Extremely long winded. I think this person is trying to throw stones at someone else’s work, but their own is so elliptical I lost the will to find out.

  • phoronixrly 2 hours ago

    Yeah, well good thing that LLMs are good at summarizing articles, unlike generating believable knitting images.

    • ivankelly 1 hour ago

      I was a couple of images in before I sussed it. Bullshit images, but pleasing enough to look at. Without the images, it would have either been a big wall of text, which would have put me off reading, though I did give up about 25% of the way through after sussing the images and thus the incoherence in the argument. The images bring something to the article. They were cheap/quick to generate. The increase the potential payoff (more reader) without significantly increasing the cost. Without the images, the payoff(readers) would likely have been lower, below the cost of actually writing the article. Same goes for a history of knitting podcast or that video. Production costs would not be worth it for a very niche viewership.

      • josh_s 1 hour ago

        The AI images were deliberate and part of the narrative. Ie, you can generate slop with zero effort.

        from TFA: "All of the images in this post were generated by an ai in response to the simple two-word prompt “lovely knitting”

        Edit: ps: Kate Davies is an actual creator who has been creating knitting patterns for years.

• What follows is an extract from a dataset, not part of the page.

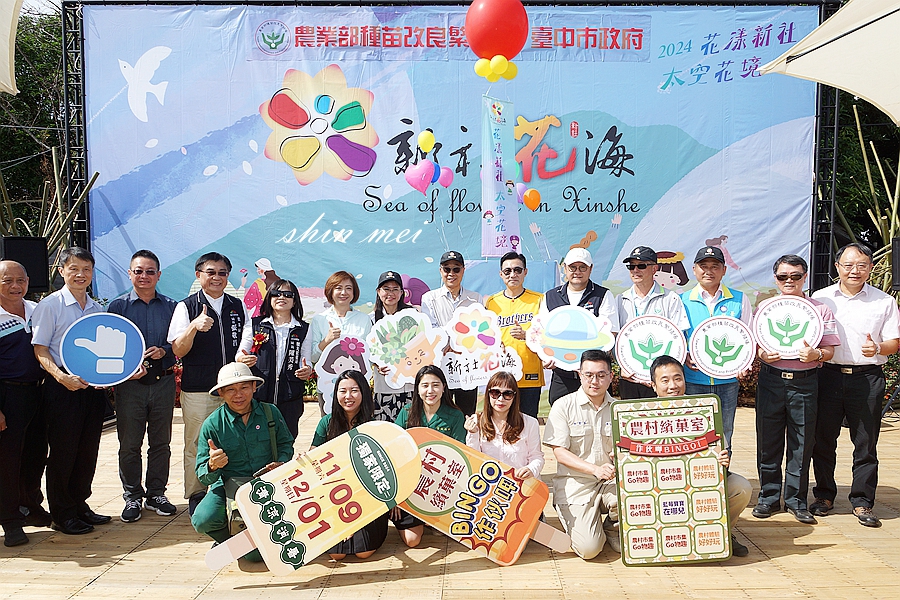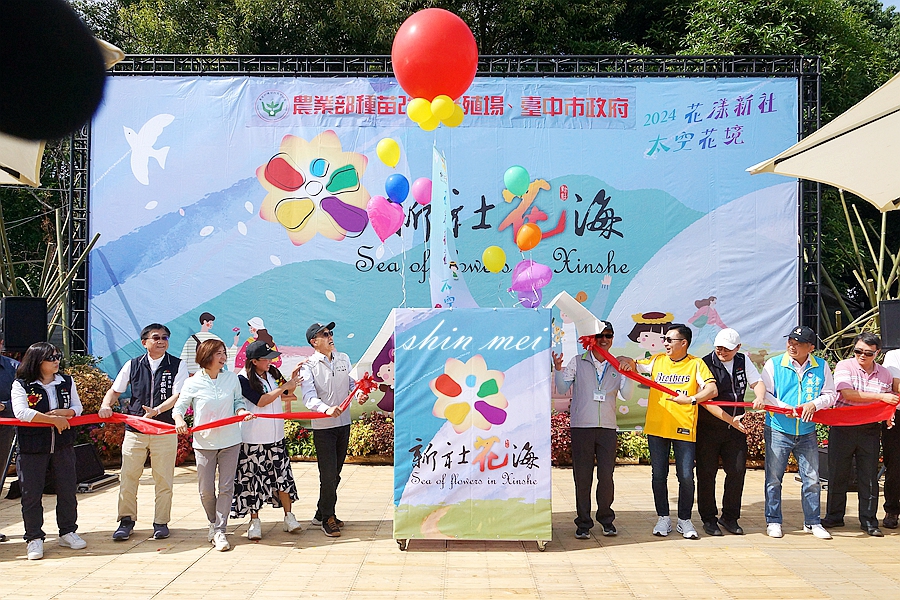 [新媒社 記者張銀澤/台中報導] 2024新社花海「花漾新社 太空花境」攜手臺中國際花毯節,於11月9日盛大開幕,至12月1日止,為期23天,歡迎民眾踴躍前往參觀。農業部於11月9日舉辦啟動儀式,由部長陳駿季、種苗改良繁殖場場長張定霖,偕同臺中市副市長鄭照新、立法院副院長江啟臣、立法委員何欣純、立法委員麥玉珍、新社農會總幹事羅文正,以及農業部、臺中市政府等貴賓蒞臨與會。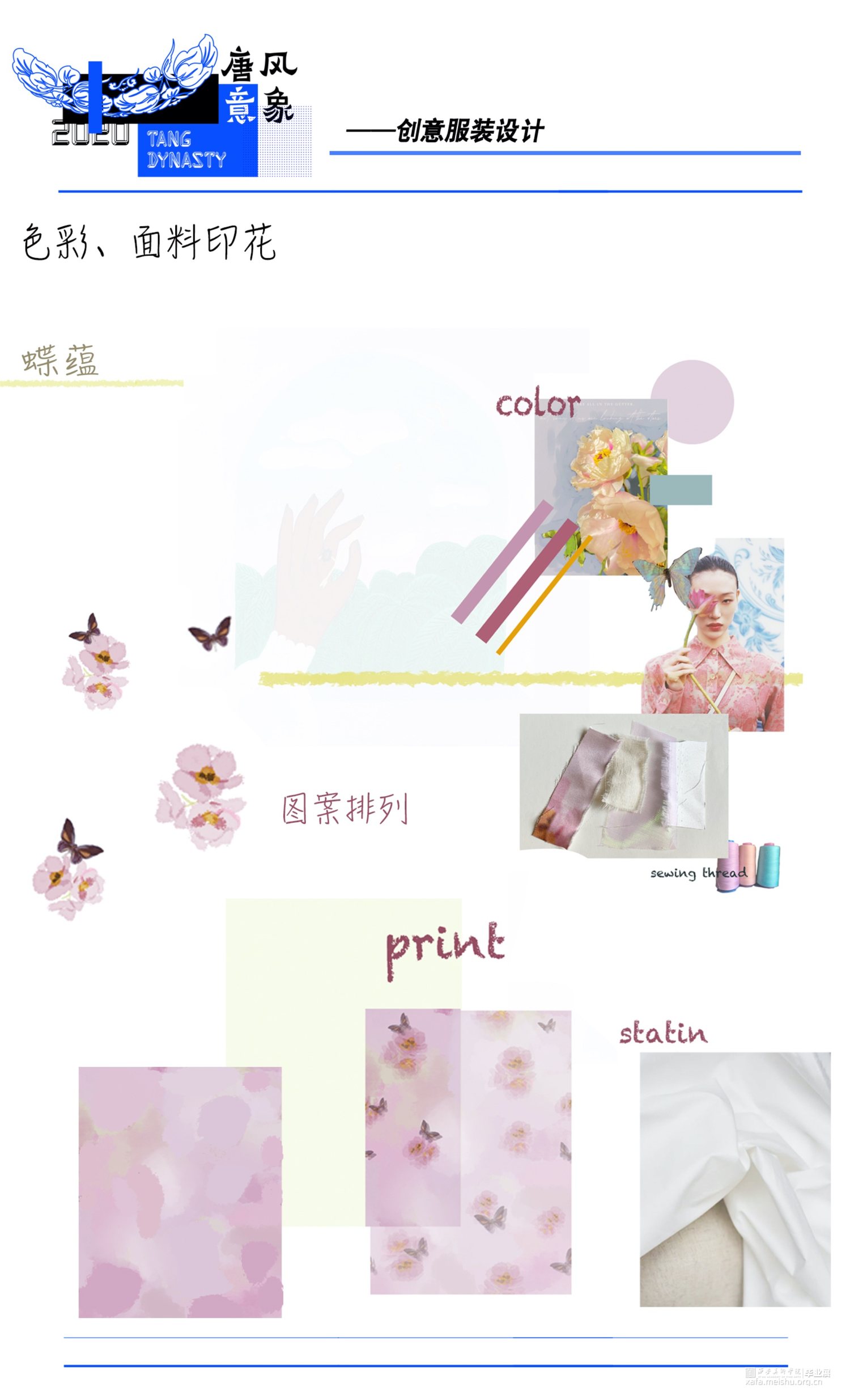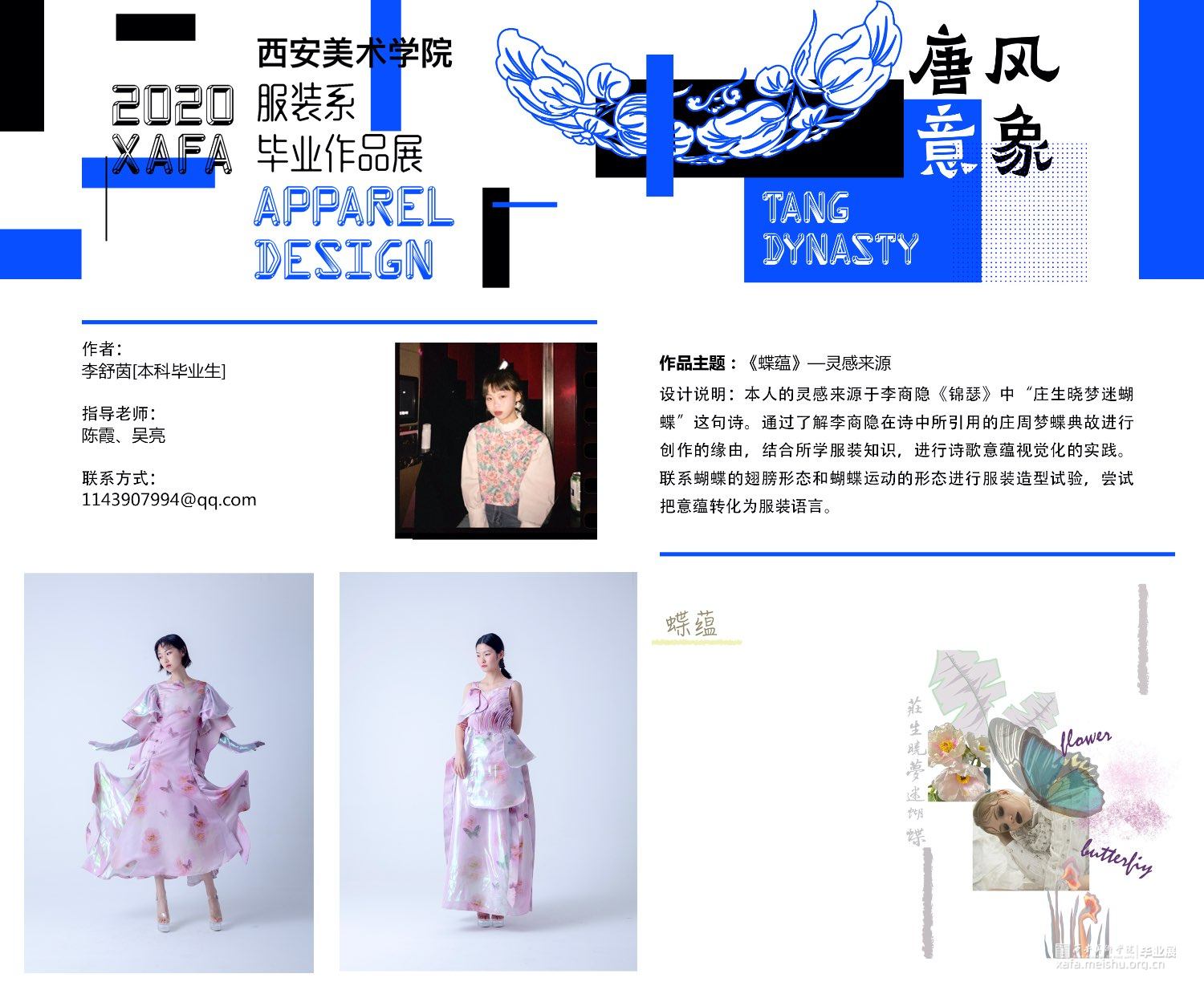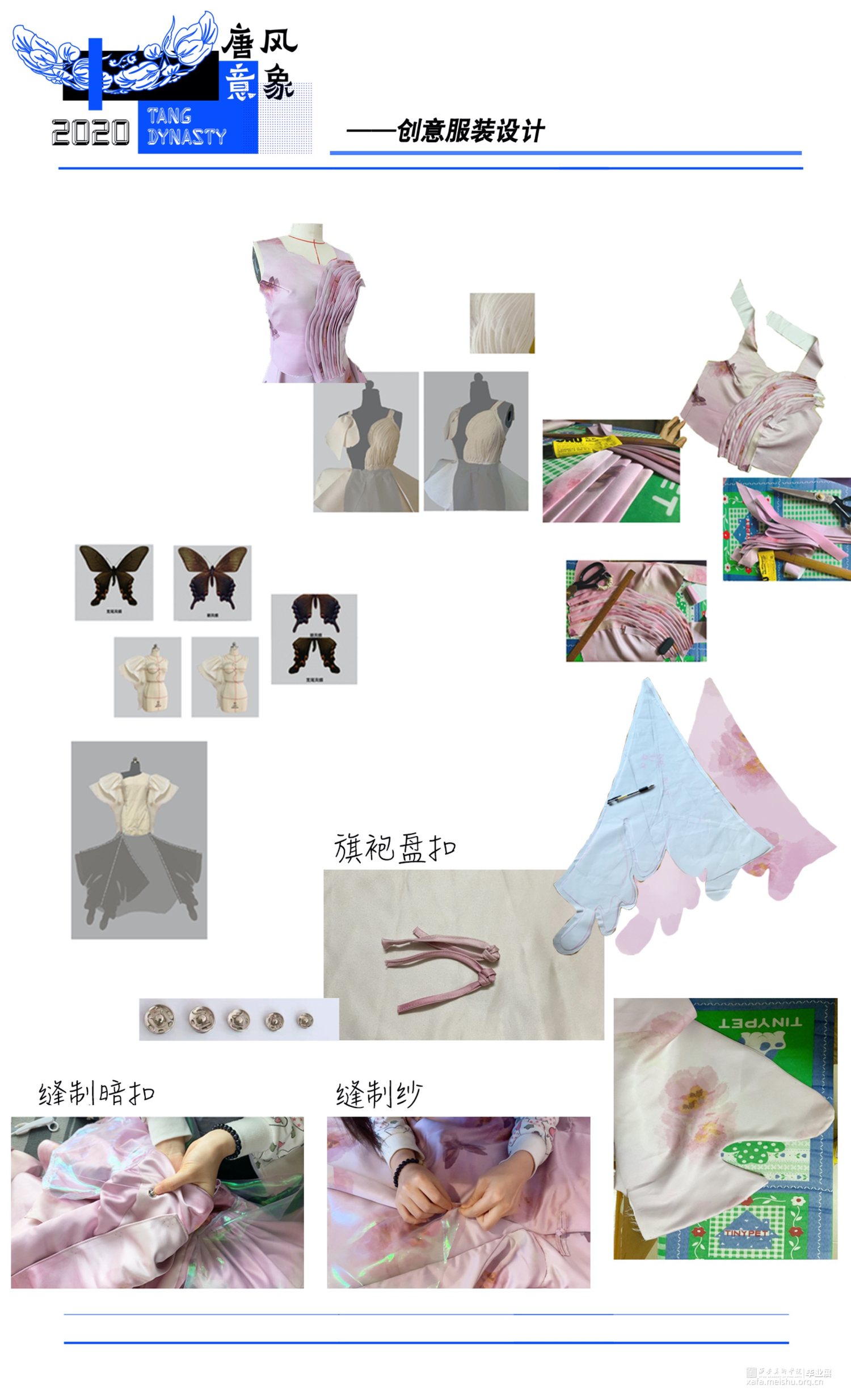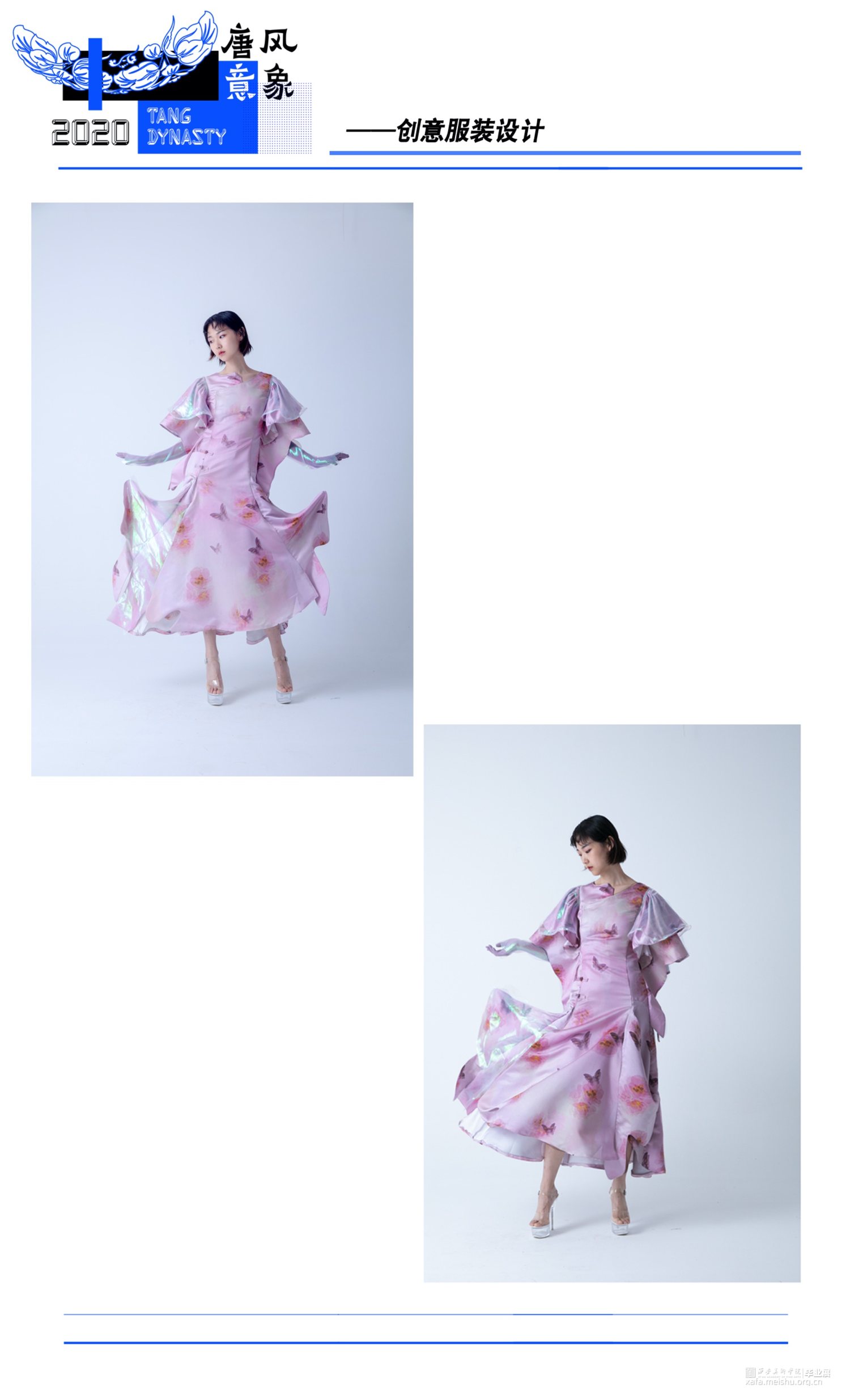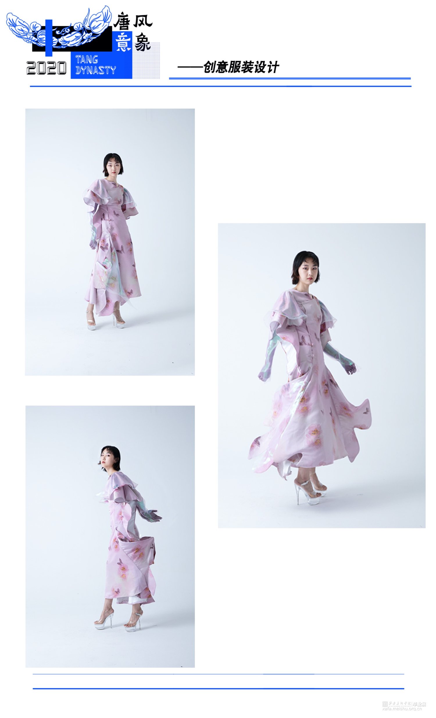 设计灵感来源于李商隐《锦瑟》里的“庄生晓梦迷蝴蝶”这句诗。通过对《锦瑟》这首诗有深入了解的论文和著作的学习参考,了解到李商隐在诗中引用庄周梦蝶典故的缘由。探究庄周梦蝶在《锦瑟》中的意蕴,并将此进行视觉化尝试。最后结合所学服装知识,把蝴蝶翅膀形态和运动形态与庄周梦蝶意蕴结合后融入服装造型中,完成设计创作。

      • frereubu 50 minutes ago

        Reading that made me feel like you wanted to be contrarian from the get-go and dismiss the article with the least effort possible. The whole point of the images is that they're low-effort AI slop, it's part of what she's trying to point to when someone is generating unsupervised automated podcasts about knitting.

      • Slow_Dog 48 minutes ago

        So you're saying you can spot AI generated bullshit, but not spot a deliberate and hilarious contrivance that the author uses to reinforce their point?

  • Igrom 1 hour ago

    Not taking away the right to your opinion, but I couldn't disagree more; I found it an excellent sociological article. One, it takes the formal concept of "bullshit" and applies it to knitting in a very methodical and strict manner. I found it novel and convincing, and the examples were great; not contrived or forced at all. IMO it was much better than many academic books or articles; an immediate share.

    Two, the turns of logic are clearly laid out, in a conversational way, which would make it easy to stick a wrench in and form a polemic if you found any of her arguments or logical implications specious. That said, that does make the article quite long. But then, it is anything other than "elliptical", which I think you used as "runs in circles and repeats itself often", while it actually means "omits parts and thus is difficult to understand" (like the ellipsis sign: …).

    Also: what the heck is wrong with that podcast farm founder. I hope they have a bad year.

  • antonvs 1 hour ago

    You only had to reach the second paragraph to find the example of an 8-person company that uses AI to generate “about 3000 podcast episodes per week, hosted by AI personalities.”